Coherently Driven Quantum Harmonic Oscillator Battery

Abstract: Quantum harmonic oscillator (QHO) battery models have been studied with significant importance in the recent past because these batteries are experimentally realizable and have high ergotropy and capacity to store more than one quanta of energy. QHO battery models are reinvestigated here to answer a set of fundamental questions: Do such models have any benefit? Is unbounded charging possible? Does the use of a catalyst system enhance the energy transfer to quantum batteries? These questions are answered both numerically and analytically by considering a model that allows a laser to shine on a QHO charger that interacts with a QHO battery.
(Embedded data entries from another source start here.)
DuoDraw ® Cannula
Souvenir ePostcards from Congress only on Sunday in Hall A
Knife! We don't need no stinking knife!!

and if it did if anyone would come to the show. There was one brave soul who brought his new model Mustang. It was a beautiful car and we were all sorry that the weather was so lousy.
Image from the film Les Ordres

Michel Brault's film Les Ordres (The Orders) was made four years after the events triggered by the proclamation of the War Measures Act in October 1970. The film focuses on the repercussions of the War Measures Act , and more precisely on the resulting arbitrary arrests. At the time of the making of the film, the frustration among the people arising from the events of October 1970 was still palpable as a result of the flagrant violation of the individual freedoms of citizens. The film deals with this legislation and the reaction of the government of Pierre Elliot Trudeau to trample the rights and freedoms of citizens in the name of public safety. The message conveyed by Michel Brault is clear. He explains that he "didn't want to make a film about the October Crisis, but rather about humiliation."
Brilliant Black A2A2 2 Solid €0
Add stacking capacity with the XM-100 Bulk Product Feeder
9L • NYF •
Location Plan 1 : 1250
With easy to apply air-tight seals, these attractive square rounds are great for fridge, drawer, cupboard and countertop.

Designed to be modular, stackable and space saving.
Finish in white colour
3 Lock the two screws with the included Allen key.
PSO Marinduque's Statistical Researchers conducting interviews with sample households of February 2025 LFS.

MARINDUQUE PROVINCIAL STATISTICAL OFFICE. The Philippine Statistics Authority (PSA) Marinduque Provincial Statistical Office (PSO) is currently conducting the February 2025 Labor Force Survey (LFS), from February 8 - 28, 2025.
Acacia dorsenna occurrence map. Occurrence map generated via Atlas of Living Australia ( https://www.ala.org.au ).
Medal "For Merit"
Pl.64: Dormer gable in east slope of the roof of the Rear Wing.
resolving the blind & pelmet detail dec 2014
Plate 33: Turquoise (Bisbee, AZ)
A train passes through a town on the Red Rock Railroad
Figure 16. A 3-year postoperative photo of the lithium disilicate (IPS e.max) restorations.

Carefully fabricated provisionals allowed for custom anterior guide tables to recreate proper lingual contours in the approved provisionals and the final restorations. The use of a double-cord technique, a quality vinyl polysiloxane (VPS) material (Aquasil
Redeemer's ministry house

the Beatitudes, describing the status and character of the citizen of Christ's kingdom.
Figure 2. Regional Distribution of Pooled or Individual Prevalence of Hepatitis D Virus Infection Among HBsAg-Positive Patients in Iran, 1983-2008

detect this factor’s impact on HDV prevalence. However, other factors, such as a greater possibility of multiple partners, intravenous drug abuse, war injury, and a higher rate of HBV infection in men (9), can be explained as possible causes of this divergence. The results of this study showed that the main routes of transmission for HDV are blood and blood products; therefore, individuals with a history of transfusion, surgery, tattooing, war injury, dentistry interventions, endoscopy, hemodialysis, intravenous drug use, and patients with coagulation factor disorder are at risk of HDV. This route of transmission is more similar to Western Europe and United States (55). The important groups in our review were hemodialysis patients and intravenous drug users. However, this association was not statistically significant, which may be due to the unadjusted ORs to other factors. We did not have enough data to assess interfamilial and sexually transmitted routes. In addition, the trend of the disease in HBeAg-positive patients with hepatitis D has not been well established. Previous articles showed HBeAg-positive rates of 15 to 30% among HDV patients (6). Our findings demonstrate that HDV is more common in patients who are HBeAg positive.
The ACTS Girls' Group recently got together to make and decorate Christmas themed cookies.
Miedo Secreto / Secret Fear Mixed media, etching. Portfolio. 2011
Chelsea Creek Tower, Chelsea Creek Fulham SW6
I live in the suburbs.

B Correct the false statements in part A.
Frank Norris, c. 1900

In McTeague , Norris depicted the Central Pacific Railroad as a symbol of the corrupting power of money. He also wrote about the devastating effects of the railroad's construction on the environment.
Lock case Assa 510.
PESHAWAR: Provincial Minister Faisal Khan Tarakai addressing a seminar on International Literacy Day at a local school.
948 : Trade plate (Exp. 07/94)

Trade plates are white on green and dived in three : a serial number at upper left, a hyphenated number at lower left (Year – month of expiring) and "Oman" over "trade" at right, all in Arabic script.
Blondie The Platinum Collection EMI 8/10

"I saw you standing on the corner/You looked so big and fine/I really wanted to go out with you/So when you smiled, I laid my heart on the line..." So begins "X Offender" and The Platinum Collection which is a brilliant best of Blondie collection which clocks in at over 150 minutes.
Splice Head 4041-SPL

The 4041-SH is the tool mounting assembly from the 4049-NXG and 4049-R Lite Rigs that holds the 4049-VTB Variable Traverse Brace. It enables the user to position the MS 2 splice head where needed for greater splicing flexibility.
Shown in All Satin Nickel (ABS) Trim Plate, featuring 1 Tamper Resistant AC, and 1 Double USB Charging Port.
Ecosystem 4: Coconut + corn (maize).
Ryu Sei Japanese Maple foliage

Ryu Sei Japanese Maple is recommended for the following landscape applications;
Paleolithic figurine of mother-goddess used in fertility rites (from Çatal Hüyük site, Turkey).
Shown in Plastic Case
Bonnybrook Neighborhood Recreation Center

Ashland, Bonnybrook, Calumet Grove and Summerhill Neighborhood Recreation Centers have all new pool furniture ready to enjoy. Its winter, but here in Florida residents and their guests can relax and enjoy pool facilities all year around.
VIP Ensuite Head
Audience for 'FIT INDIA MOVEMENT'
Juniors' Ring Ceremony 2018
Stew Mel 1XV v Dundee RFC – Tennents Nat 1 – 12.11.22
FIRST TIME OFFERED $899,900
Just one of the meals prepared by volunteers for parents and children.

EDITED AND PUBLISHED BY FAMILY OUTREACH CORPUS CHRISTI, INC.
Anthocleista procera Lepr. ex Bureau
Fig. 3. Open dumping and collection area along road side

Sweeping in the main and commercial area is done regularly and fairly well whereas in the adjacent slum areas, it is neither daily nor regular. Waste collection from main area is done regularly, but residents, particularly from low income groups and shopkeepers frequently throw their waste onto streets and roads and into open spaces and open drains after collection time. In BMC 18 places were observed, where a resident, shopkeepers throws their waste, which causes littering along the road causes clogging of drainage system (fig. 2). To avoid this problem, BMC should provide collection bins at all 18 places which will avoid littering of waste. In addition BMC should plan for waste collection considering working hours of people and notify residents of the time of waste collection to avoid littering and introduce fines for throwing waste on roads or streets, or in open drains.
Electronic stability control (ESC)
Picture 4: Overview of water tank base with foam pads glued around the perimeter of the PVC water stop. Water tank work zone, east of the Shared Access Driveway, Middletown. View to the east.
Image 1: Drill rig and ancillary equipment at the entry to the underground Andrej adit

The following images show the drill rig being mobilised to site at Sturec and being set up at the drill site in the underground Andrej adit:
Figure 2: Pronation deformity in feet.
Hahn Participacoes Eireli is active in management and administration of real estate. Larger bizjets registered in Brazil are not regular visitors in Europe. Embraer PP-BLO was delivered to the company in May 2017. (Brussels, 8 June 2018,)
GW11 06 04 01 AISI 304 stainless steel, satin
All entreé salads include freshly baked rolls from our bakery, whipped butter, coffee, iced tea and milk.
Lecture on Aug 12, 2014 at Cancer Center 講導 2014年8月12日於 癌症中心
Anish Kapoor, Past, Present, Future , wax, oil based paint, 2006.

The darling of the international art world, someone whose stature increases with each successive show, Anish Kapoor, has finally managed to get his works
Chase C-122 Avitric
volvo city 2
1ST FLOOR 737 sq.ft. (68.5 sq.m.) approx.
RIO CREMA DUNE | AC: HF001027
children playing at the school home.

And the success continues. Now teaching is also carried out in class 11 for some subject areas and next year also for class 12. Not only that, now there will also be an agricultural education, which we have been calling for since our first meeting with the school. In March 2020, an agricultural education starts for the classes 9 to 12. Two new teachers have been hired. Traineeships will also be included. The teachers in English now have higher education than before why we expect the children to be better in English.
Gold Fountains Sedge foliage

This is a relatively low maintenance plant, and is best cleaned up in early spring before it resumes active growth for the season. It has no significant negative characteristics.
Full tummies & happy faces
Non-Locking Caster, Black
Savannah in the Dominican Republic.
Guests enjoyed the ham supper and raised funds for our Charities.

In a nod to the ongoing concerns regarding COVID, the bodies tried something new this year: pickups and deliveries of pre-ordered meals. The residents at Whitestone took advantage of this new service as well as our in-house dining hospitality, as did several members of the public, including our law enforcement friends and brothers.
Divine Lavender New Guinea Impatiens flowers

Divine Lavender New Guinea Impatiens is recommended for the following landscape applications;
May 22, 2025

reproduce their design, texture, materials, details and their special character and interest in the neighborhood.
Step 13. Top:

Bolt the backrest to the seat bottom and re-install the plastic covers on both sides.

In contrast to some of the existing works, the obtained answers are mostly negative. Specifically, in the present work, the laser frequency is tuned with the frequency of the global charger-battery system, which is affected by the interaction between QHOs. It is reported that for a fixed laser field amplitude $\textit{F}$, the battery can store more energy when tuned with the frequency of the global charger-battery system compared to energy stored by tuning the laser frequency with local frequencies of the charger and battery. The charging process of the open QHO, which is a simplified model, and the self-discharging (dissipation) process after switching off the laser field are also investigated to reveal that the charging process of QHO in the simplified model is faster than the charging process of the catalytic (non-catalytic) battery. Further, it's observed that the self-discharging process is almost two times faster than the charging process which makes such models unstable against interaction with the environment.